## What this task involves
On the basis of the records below, report how many lines contain the word "also". Nothing else should be given.

## Input for this task
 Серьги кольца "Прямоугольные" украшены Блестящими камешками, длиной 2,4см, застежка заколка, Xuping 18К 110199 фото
--
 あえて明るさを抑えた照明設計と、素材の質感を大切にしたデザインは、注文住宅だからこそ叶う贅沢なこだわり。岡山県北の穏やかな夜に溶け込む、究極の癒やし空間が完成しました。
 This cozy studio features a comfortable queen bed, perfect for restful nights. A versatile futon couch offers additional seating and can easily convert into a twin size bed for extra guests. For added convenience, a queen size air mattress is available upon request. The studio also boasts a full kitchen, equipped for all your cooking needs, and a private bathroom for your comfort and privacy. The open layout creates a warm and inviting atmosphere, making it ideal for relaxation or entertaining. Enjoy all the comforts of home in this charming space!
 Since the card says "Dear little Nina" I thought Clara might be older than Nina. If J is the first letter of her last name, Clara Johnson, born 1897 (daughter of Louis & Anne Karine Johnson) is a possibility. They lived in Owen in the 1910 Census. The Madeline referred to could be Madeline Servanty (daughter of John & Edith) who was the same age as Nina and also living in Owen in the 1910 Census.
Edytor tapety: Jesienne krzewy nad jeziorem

## Answer section
2